Kejar Popularitas, Pariwisata Lamsel Jangan Pasif

447

KALIANDA – Tingkat ketenaran pariwisata Lampung Selatan mesti terus dipoles. Itu setelah Anggota Komisi D DPRD Lamsel buka suara perihal absennya Lamsel pada Anugrah Pesona Indonesia (API) 2018.

Alat kelengkapan dewan yang membidangi pariwisata itu menilai dalam konteks tersebut API bukanlah satu-satunya acuan yang menandakan tingkat kepopuleran sebuah destinasi wisata.

Suara itu datang dari Anggota Komisi D DPRD Lamsel Mohamad Akyas, menurutnya kadar ketenaran tidak hanya mengacu pada API. Namun yang jadi pertanyaan kata dia apakah Pariwisata Lamsel sudah cukup dikenal, sehingga mampu mendatangkan ratusan ribu wisatawan lokal ataupun wisatawan mancanegara?

“ Sebetulnya tak masalah mau masuk nominasi atau tidak. Yang jadi masalah ketika tidak masuk nominasi disisi lain tingkat popularitasnya juga masih rendah. Otomatis akan berdampak pada kunjungan wisatawan,” kata dia kepada Radar Lamsel, Senin (4/5) kemarin.

Politisi dari Fraksi PKS ini menilai, kesuksesan pariwisata bisa dilihat dari kesanggupan menopang pendidikan atau menopang kesehatan disuatu daerah. Akyas mencontohkan Kabupaten Sabang, Nangroe Aceh Darussalam (NAD) jadi salah satu contoh yang bagus.

BACA :  Satu Dewan Millenial, 10 Persen Dominasi Kaum Hawa

“ Belajar dari Sabang saja, disana ratusan ribu wisatawan lokal dan 50 ribu wisatawan asing datang setiap tahunnya. Kuncinya adalah Dinas Pariwisata harus proaktif jangan pasif,” ucap Akyas yang juga Ketua MPC Pemuda Pancasila Lamsel.

Hal senada disampaikan Anggota Komisi D DPRD Lamsel Akbar Gemilang. Politisi muda Golkar itu mengatakan SKPD yang membidangi pariwisata jangan sampai miskin ide.

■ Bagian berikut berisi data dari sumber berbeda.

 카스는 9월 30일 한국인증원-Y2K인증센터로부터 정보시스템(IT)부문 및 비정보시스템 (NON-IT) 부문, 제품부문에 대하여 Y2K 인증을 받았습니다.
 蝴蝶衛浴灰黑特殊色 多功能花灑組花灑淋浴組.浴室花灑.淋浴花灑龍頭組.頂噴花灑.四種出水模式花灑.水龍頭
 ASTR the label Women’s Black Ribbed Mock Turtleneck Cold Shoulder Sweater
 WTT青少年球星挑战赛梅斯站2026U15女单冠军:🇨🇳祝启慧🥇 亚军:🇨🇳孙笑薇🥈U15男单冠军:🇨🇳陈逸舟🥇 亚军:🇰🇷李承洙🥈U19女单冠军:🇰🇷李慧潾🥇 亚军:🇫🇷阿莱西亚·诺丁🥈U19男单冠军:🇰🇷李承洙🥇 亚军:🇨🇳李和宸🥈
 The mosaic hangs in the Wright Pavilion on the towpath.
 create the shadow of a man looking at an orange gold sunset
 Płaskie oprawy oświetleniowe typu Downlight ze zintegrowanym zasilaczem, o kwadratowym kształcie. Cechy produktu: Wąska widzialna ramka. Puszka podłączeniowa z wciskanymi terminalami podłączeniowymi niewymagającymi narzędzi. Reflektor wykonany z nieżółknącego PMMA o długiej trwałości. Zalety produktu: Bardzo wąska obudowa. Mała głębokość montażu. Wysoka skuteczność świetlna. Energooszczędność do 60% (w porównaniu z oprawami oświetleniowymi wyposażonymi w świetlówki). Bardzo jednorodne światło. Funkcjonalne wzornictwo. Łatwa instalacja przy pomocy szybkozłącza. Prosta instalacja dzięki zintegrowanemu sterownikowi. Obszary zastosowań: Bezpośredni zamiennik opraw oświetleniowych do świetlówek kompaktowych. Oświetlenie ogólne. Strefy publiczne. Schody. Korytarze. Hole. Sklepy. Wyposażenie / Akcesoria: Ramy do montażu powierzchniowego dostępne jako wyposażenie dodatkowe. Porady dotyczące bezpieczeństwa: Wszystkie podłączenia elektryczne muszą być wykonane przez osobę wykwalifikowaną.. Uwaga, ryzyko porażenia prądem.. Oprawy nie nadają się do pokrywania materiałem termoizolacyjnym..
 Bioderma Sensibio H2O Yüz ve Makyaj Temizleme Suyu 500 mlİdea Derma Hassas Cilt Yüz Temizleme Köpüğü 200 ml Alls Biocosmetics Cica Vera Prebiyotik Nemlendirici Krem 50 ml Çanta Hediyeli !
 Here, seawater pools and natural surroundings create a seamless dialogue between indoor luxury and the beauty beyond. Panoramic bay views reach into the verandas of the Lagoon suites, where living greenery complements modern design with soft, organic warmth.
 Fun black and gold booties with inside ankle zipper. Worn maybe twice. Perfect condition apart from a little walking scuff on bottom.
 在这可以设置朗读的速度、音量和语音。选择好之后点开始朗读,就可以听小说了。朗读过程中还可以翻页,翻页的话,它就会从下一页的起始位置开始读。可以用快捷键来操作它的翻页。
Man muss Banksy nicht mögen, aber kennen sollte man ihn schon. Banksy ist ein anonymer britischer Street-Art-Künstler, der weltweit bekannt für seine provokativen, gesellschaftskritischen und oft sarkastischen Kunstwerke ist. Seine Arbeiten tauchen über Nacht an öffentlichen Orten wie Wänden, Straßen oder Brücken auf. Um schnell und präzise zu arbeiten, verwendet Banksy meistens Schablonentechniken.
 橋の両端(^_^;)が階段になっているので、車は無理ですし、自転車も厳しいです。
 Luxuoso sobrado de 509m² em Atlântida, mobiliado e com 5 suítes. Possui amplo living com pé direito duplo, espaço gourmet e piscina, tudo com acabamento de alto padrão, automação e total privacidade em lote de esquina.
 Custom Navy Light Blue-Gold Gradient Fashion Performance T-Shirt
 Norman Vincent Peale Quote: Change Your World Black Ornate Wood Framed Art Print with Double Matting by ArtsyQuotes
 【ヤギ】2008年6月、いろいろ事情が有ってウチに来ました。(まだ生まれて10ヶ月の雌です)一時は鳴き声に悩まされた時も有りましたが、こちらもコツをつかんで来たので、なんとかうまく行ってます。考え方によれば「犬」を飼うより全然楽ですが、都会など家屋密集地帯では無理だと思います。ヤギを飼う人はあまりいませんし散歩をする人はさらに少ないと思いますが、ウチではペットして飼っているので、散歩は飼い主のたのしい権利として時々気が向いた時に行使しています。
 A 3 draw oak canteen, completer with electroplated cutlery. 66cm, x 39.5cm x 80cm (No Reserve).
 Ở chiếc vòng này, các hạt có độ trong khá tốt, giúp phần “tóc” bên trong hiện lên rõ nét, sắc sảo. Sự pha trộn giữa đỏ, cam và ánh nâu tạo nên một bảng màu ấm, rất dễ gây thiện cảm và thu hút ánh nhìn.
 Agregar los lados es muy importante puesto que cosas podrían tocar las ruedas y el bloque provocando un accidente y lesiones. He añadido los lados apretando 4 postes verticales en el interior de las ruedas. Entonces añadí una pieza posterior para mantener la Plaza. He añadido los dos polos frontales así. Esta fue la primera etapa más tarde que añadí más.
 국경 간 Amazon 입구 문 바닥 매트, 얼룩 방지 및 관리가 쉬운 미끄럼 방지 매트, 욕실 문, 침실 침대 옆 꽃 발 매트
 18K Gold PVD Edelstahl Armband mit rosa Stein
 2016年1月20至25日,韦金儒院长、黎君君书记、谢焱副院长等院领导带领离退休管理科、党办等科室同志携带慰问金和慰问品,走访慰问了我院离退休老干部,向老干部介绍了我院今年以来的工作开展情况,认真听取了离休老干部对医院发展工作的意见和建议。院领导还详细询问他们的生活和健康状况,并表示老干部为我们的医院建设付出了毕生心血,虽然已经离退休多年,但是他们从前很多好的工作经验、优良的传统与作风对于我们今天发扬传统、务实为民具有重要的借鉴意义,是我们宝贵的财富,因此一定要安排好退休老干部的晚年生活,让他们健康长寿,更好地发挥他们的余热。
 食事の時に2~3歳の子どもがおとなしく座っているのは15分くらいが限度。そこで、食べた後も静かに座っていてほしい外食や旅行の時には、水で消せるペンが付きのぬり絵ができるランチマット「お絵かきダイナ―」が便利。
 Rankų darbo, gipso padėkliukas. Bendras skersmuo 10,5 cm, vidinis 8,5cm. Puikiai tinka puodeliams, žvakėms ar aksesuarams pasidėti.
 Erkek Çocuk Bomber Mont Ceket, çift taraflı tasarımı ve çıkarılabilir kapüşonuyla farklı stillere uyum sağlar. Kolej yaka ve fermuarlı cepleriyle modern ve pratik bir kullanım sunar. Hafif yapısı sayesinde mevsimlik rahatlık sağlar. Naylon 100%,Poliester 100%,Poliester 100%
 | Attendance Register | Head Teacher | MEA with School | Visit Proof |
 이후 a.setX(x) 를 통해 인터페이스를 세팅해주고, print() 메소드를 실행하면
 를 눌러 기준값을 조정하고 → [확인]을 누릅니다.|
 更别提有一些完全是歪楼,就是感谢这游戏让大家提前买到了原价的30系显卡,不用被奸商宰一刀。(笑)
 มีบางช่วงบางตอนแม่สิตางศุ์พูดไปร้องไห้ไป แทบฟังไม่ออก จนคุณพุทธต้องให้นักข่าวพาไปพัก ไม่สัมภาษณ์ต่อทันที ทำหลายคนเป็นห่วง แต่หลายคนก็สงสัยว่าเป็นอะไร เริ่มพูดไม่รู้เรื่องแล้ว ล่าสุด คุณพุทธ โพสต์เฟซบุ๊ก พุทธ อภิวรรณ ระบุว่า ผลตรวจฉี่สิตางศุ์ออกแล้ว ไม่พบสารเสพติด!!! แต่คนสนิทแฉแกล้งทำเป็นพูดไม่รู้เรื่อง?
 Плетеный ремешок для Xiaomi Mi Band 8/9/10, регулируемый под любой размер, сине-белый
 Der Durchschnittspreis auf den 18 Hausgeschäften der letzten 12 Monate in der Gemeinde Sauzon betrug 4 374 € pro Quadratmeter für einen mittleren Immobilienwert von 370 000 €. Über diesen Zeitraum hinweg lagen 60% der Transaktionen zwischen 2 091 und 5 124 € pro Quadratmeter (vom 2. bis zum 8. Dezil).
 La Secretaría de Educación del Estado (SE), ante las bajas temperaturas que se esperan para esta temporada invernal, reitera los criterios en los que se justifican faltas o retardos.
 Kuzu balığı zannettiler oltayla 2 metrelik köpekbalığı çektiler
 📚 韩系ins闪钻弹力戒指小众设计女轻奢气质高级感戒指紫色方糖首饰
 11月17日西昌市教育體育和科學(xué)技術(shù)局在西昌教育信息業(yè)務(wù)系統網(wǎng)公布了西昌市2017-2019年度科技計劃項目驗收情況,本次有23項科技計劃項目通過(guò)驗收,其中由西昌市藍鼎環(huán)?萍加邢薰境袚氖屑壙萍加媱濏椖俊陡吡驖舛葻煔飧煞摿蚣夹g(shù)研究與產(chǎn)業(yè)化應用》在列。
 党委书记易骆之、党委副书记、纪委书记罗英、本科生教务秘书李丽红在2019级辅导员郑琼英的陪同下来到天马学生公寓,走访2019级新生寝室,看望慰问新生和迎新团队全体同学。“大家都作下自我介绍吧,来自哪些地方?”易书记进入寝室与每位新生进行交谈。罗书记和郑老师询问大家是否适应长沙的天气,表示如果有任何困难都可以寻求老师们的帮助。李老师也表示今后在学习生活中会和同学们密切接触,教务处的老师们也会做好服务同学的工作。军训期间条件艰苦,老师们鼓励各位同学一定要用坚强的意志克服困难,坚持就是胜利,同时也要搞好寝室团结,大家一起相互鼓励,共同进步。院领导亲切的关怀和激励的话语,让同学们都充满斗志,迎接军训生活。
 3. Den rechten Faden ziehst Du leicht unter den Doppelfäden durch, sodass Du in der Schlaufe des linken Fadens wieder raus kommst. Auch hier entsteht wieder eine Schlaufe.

“ Dinas Pariwisata jangan sampai kehabisan akal, kalau anggaran minim cari solusi lain bagaimana agar Pariwisata Lamsel ini benar-benar bangkit,” ujar Akbar.

Masih kata Akbar, ada beberapa opsi yang bisa dipandang sebagai ide yang bagus. Diantaranya, prospek keberadaan JTTS, pemanfaatan momentum perhelatan Asian Games 2018 yang bakal diselenggarakan di Palembang.

“ Manfaatkan prospek JTTS, minta space untuk memajang besar-besar gambaran pariwisata Lamsel agar yang melintas di JTTS tertarik untuk singgah. Belum lagi perhelatan Asian Games yang akan digelar di Palembang tentu banyak yang melirik keistimewaan Lamsel,” urainya.

BACA :  Urban Ethnic di Akhir Pekan

Lebih jauh Akbar menjelaskan, selain dua hal diatas Dinas Pariwisata juga harus gencar mengadakan kerjasama dengan hotel yang ada di provinsi Lampung. Tujuannya, agar setiap hotel bisa menawarkan varian wisata termasuk destinasi yang ada di Lamsel.

“ Kalau seandainya kerjasama semacam itu sudah berjalan maka pastilah ada dampak dan manfaatnya. Sangat disayangkan apabila destinasi wisata alam Lamsel sekelas nominasi API saja belum masuk,” terangnya.

Diketahui 7 kabupaten di Provinsi Lampung yang masuk dalam nominasi API 2018 yakni Kabupaten Pesawaran melalui kategori Cendera mata Terpopuler, Kabupaten Lampung Barat melalui kategori Atraksi Budaya Terpopuler, Kabupaten Way Kanan melalui kategori  Kampung Adat Terpopuler.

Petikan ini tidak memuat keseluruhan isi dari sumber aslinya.